Le sens d’une vie : retour sur George Steiner

Le sens d’une vie : retour sur George Steiner

George Steiner est mort le 3 février dernier. Il représente cette figure rare du « critique-écrivain ». Spécialiste de la littérature comparée, il a consacré sa vie à faire dialoguer les langues, traquant dans les œuvres ce qu’elles nous apprennent du Mal dans l'histoire et au cœur de l’Homme.

Par Jean-Yves Masson

Toute sa vie, George Steiner a enseigné la littérature comparée. Il a été un représentant exemplaire de cette discipline dont il arrive trop souvent qu’on connaisse le nom sans bien savoir à quoi elle correspond. Aux gens que je rencontre, même fort intellectuels, et qui ouvrent de grands yeux ronds quand je leur dis que je suis comparatiste, j’ai pris l’habitude de citer le nom de George Steiner pour qu’ils comprennent de quoi il s’agit. En général, c’est très efficace : depuis Etiemble — et avant William Marx qui vient d’être élu au Collège de France et qui y occupe la toute première chaire consacrée à cette discipline, absente de bien des institutions —, aucun représentant de la littérature comparée n’aura autant fait rayonner cette discipline.

Steiner y est parvenu, et son œuvre est capitale pour cette raison même. La littérature comparée consiste à étudier les grands phénomènes littéraires, les grands courants esthétiques, les grands thèmes et mythes qui font vivre la littérature, sans se limiter à une seule langue ou à une seule époque, mais en montrant comment ils ont circulé d’une langue à l’autre, d’un pays à l’autre, d’un continent à l’autre, et même d’un art à l’autre, quand la littérature inspire la peinture, l’opéra, le cinéma, la danse, à moins que ce ne soit l’inverse. Un comparatiste est avant tout quelqu’un qui pense qu’on ne peut pas prétendre comprendre vraiment ce qu’est « la » littérature si l’on reste à jamais prisonnier de frontières nationales : il rejoint ainsi la culture des écrivains eux-mêmes, car il n’y a sans doute pas d’auteur de quelque importance qui ne se soit nourri de lectures d’œuvres étrangères, et même de la fréquentation des arts en général. Et si l’on fait remarquer que c’est là un grand paradoxe, puisqu’un écrivain est par définition prisonnier de la langue dans laquelle il œuvre, et qu’il appartient d’abord à sa littérature nationale, on répondra que c’est bien la raison pour laquelle la traduction, qui fait circuler les œuvres d’une langue à l’autre, revêt une importance cruciale : George Steiner n’a pas manqué de consacrer à ce phénomène un livre majeur, Après Babel (1978), qui aura permis à beaucoup de lecteurs novices en la matière de percevoir l’étendue de ce phénomène, longtemps relégué au second plan des préoccupations savantes, et pourtant d’une importance cruciale pour l’histoire littéraire comme pour la compréhension de la création elle-même.

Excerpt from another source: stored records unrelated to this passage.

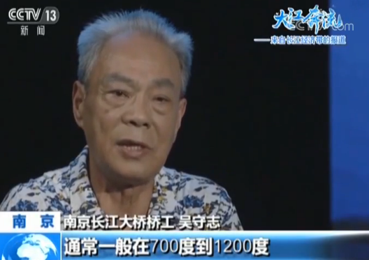 南京長江大橋橋工 吳守志:燒釘,加溫以后,通常一般在700度到1200度,我就記得我們最長的工作時(shí)間,是早上七點(diǎn),一直鉚合到晚上將近八點(diǎn)。
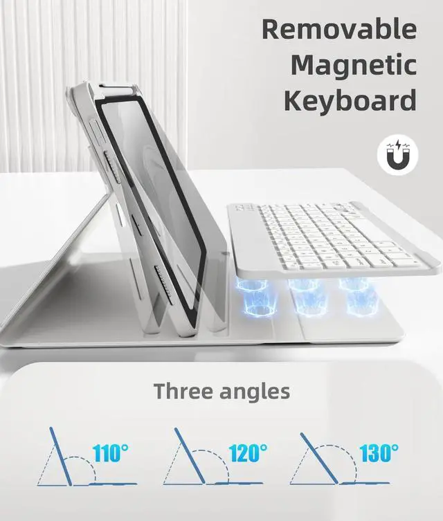 Magnetic Detachable Keyboard: The iPad 11th generation case with keyboard features a magnetic snap-on, compatible with iOS, Android, and Windows tablets. Easily detach for tablet-only use or reattach securely. Hassle-free Bluetooth pairing ensures instant, responsive typing ^^ 3
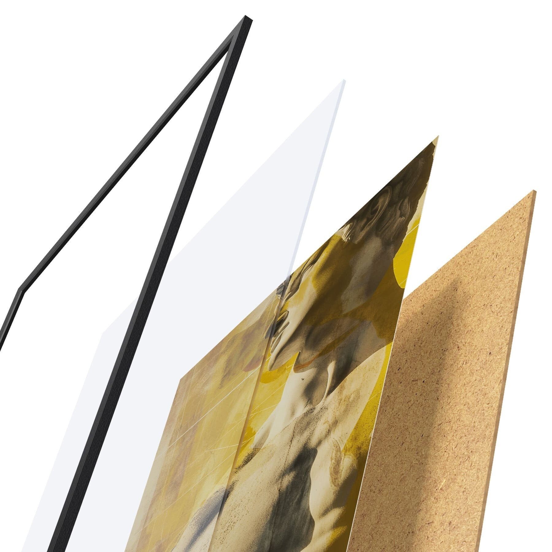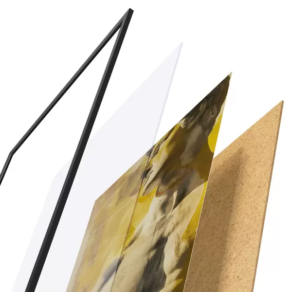 Das Poster besteht aus einem Rahmen, Plexiglas, einem gedruckten Bild und einer Rückwand aus Spanplatten. Dank der Halterungen auf der Rückseite kann das Poster sofort an die Wand gehängt werden.
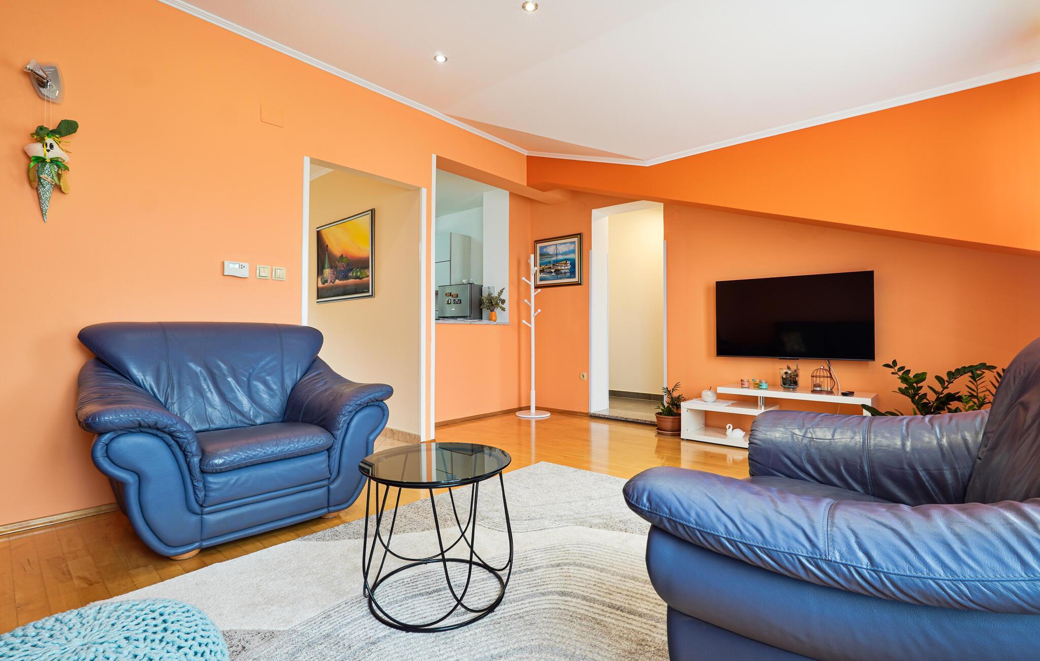 Diese behagliche Wohnung ist wie geschaffen für eine angenehme Auszeit vom Alltag. Ein farbenfroher Wohnraum mit großzügigen Sesseln, ein Fernseher und eine praktische Küche schaffen eine Atmosphäre, in der Sie schnell abschalten und sich einem entspanntem Urlaubsgefühl hingeben können. Egal ob Sie Musik hören, Ihre Lieblingsserie streamen oder einfach plaudern – hier gestalten Sie den Tag nach Ihren Wünschen.
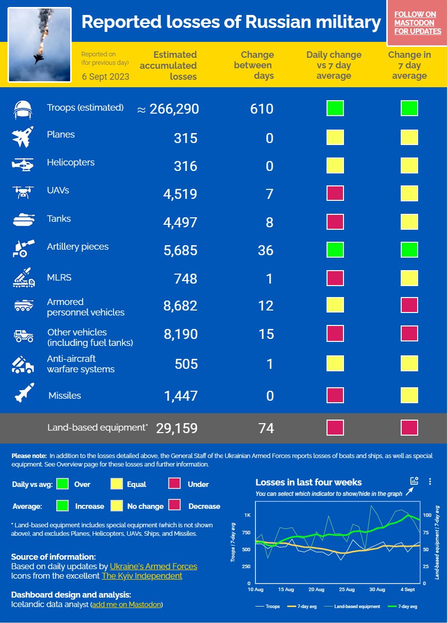 |   je ziet van hier aan het tempo dat de verliezen zich opstapelen dat het russisch leger geleidelijk aan moet gedemotiveerd geraken, die 2200 is een ONDERSCHATTING en idd de oude brol uit hun oude voorraden die ze refurbishen zijn geen partij op het slachtveld, en het illustreert ook dat RU gewoon door zijn voorraden zit en hopeloos zoekt naar middelen 63% of 86 confirmed tank losses in August were tanks made before the fall of the USSR (again above the total ratio of 55%) based on data from @oryxspioenkop . Field reports indicate 225 losses in the period. de realiteit is het 4000
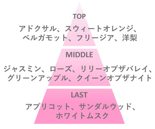 フレッシュなオレンジやベルガモット、甘い洋梨などがアドクサルの引き締まった香りで気分を高揚させるトップノートとなっています。そして優しい甘さのフルーツや花々が重なり、“夜の女王”の名を持つ月下美人の濃厚な香気に包み込まれセクシーな気分を演出するミドルノートへと続きます。ラストノートには落ち着いた甘さのアプリコット、サンダルウッド、ムスクが優しく残ります。
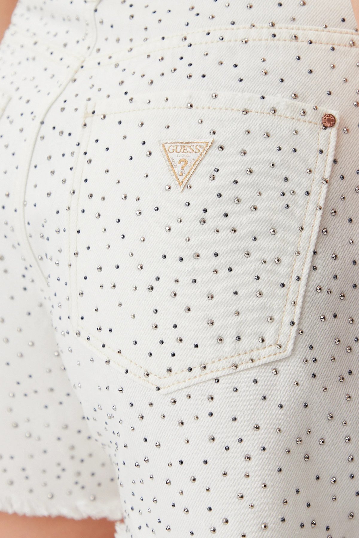 Relaxed Yüksek Bel Pamuklu Taşlı W5GD74D5N91 Bayan Short W5GD74 D5N91 GWBL BEYAZ
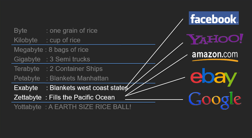 Now today, big companies like Microsoft, Google, eBay, Amazon, and Netflix all have a lot of data about users. The whole data in the world has doubled in just last two years. Today, data is available in Exabytes and Zettabytes. The following image may clear the concept.
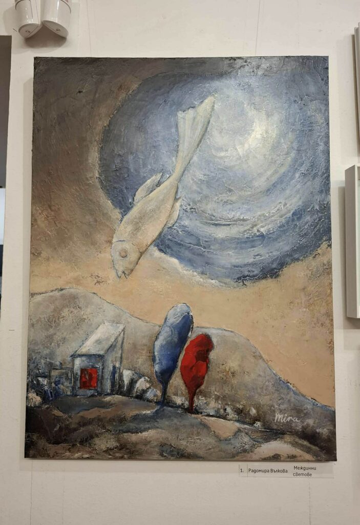 Община Бургас и Дружеството на бургаските художници представиха вчера празнична изложба по случай Никулден. В нея участват над 70 автори с произведения живопис, графика и пластика. Сред тях е свиленградската художничка Радомира Вълкова, която се представи с „Междинни светове“ – маслени бои/платно 80/60, създадена специално за изложбата. Творбите, допуснати за участие в експозицията, са селектирани от авторитетно жури.
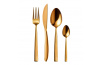 Sada luxusních nerezových příborů ve zlaté barvě GOLD v dárkovém balení. Sada 24 ks. Moderní jednoduchý tvar, atraktivní zlatý lesklý povrch. Materiál: kvalitní nerezová ocel, povrch úprava PVD – zlatý, který je vysoce odolný a zaručuje tak dlouhou životnost příborů. Příbory lze mýt v myčce na nádobí, ale pokud chcete zachovat neporušený povrch, pak to vzhledem k působení čisticích prostředků nedoporučujeme. Rozměry: 6x lžička – d. 14 cm, 6x lžíce – d. 21 cm, 6x vidlička – d. 21 cm a 6x nůž – d. 24 cm.
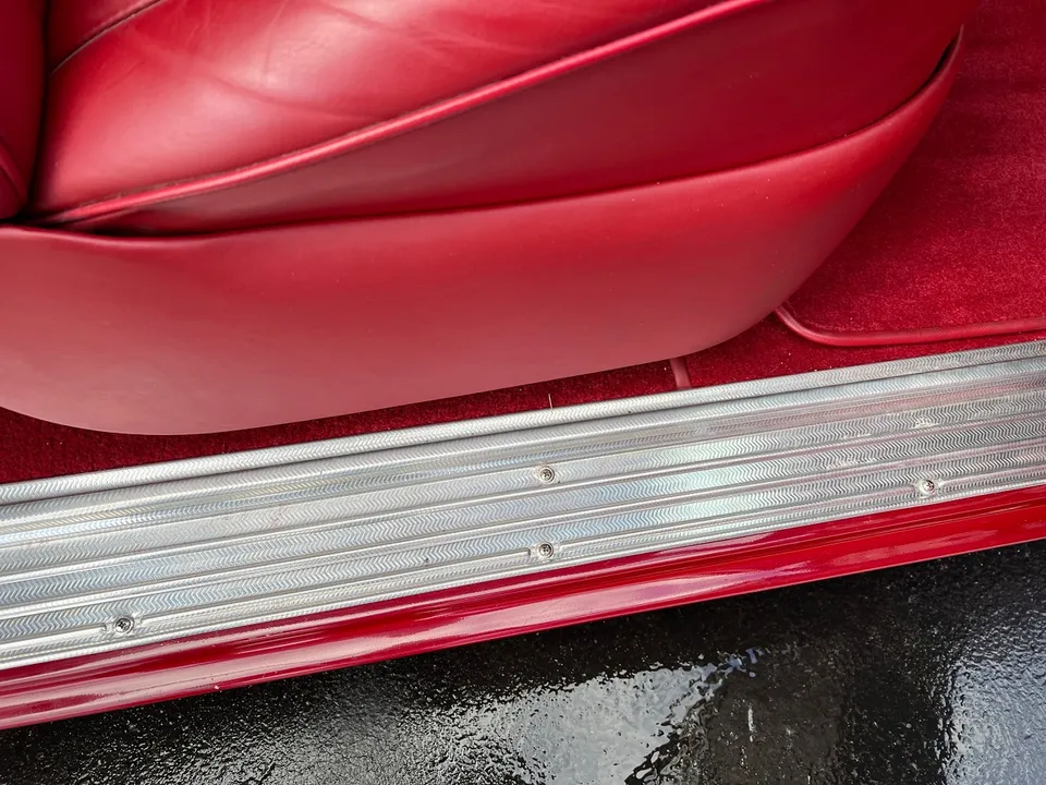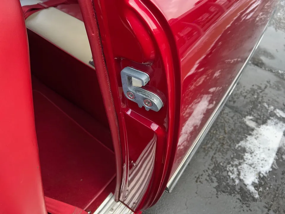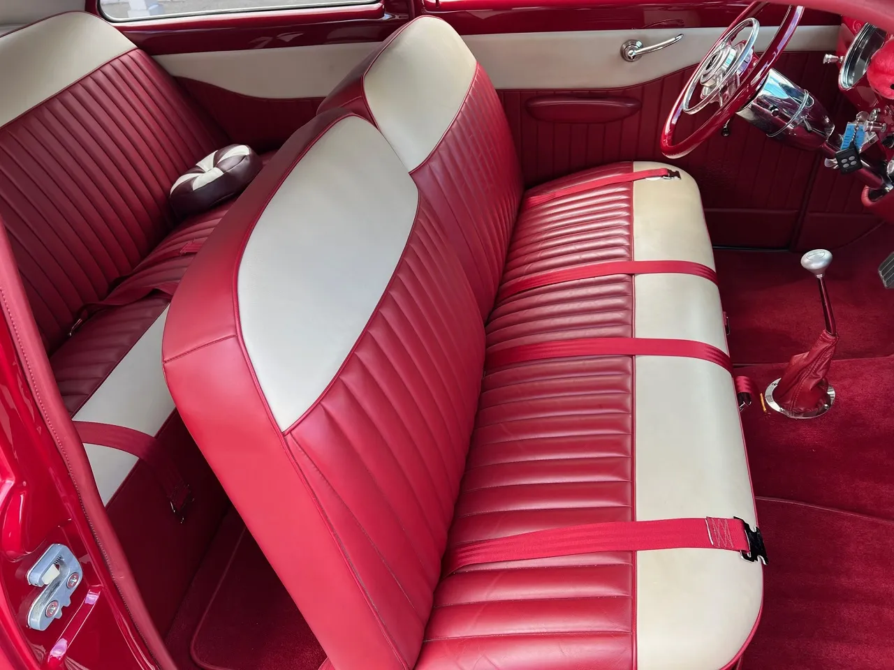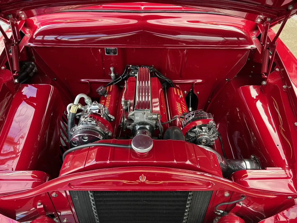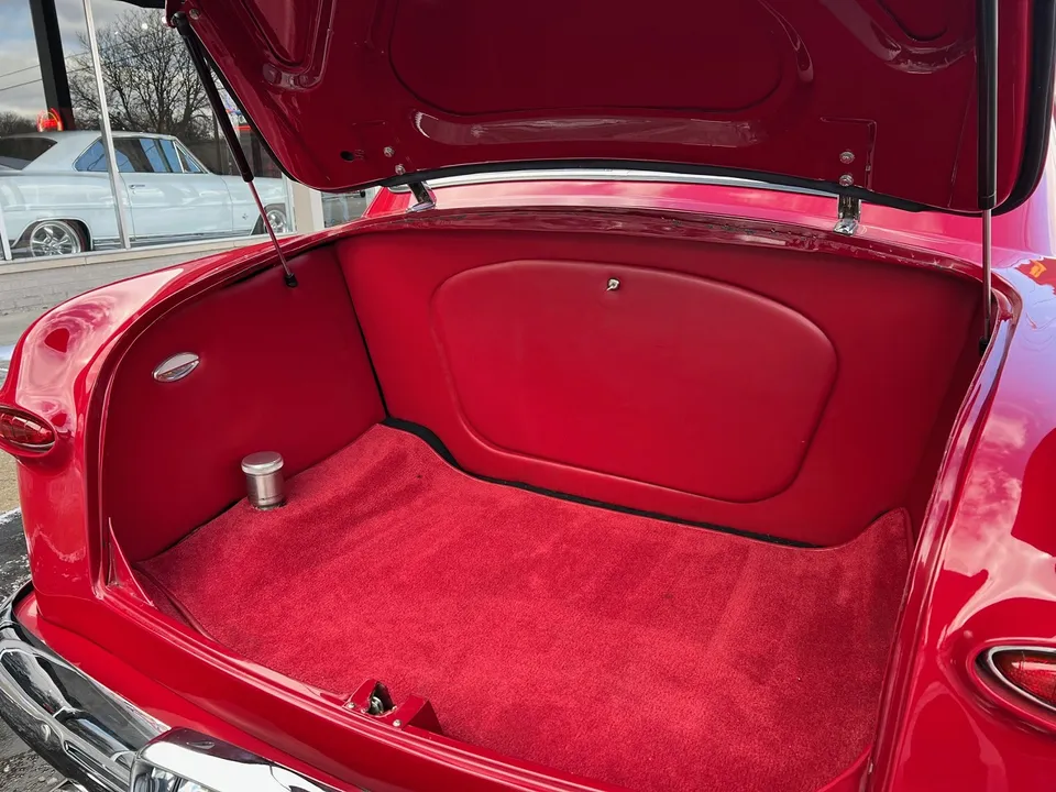 6400 miles on Professional No-Expense-Spare Rotisserie Restoration, stunning Garnet red paint, custom two-tone leather interior, GM Ram Jet 350 ci EFI engine, aluminum intake, ceramic headers, aluminum heads, custom engine covers, power steering, power brakes, Vintage air conditioning, front drop spindles, aluminum radiator with flex fan, 700R4 automatic overdrive transmission, bench seat, chrome tilt column with Lecara steering wheel, Lokar shifter, custom Autometer gauge cluster, am-fm radio, custom tig welded stainless dual exhaust with Smitty’s muffler & chrome tips, exhaust cut-outs, 9” Ford rear end, 245/40ZR18 Uniroyal tires, 205/50ZR17 fronts, 17 & 18” chrome US Mag wheels, finished trunk area, all new wiring harness, custom fuel tank, all new glass, custom front visor, frenched headlight & tail lights, Show Quality!IN STOCK

Né en 1929 à Neuilly dans une famille juive issue de la Vienne des Habsbourg, élève du lycée Janson-de-Sailly, et à partir de 1940 du Lycée français de New York, George Steiner a parlé à égalité allemand, français et anglais dès sa prime jeunesse. C’est ce trilinguisme parfait qui le prédisposait à être un éminent comparatiste. Pour le devenir pleinement il ajouta à ces trois langues, par ses études, la connaissance de ces langues fondatrices que sont le latin et le grec — sans lesquelles ils n’eût pas écrit comme il l’a fait sur la tragédie, ou sur le mythe d’Antigone —, puis celle d’un certain nombre d’autres langues vivantes, dont le russe — un de ses premiers livres fut consacré à l’opposition fondamentale entre Tolstoï et Dostoïevski, deux auteurs entre lesquels se déroule comme le combat titanesque d’où est sortie toute la fiction moderne. Passionné par les cultures d’Europe centrale, pas seulement parce que ses ancêtres en provenaient, il voyagea beaucoup dans les pays de l’Est dans l’immédiat après-guerre et put observer ce que signifiait le poids du totalitarisme sur la vie de l’esprit.

L'incarnation ultime du « critique-écrivain »

Sa démarche est toujours de comparaison, de perpétuelle circulation entre les œuvres et les mondes : même quand il écrit sur Shakespeare ou Kafka, il ne peut que les inscrire dans un dialogue avec d’autres grandes voix de la littérature mondiale, depuis Homère et Eschyle. Cette circulation incessante, dans ses écrits comme dans sa conversation, pouvait parfois, j’en fus témoin, vous donner le vertige (comme jadis sans doute aux interlocuteurs de Malraux). Si cette mobilité innée de sa pensée a pu ne pas le faire tomber, sauf de rares fois, dans la superficialité de l’allusion qui en est le grand risque ou la tentation majeure (car toute grande ambition a ses pièges), c’est parce qu’il l’a mise au service d’un véritable projet d’œuvre, extrêmement cohérent sous la diversité des sujets abordés de livre en livre.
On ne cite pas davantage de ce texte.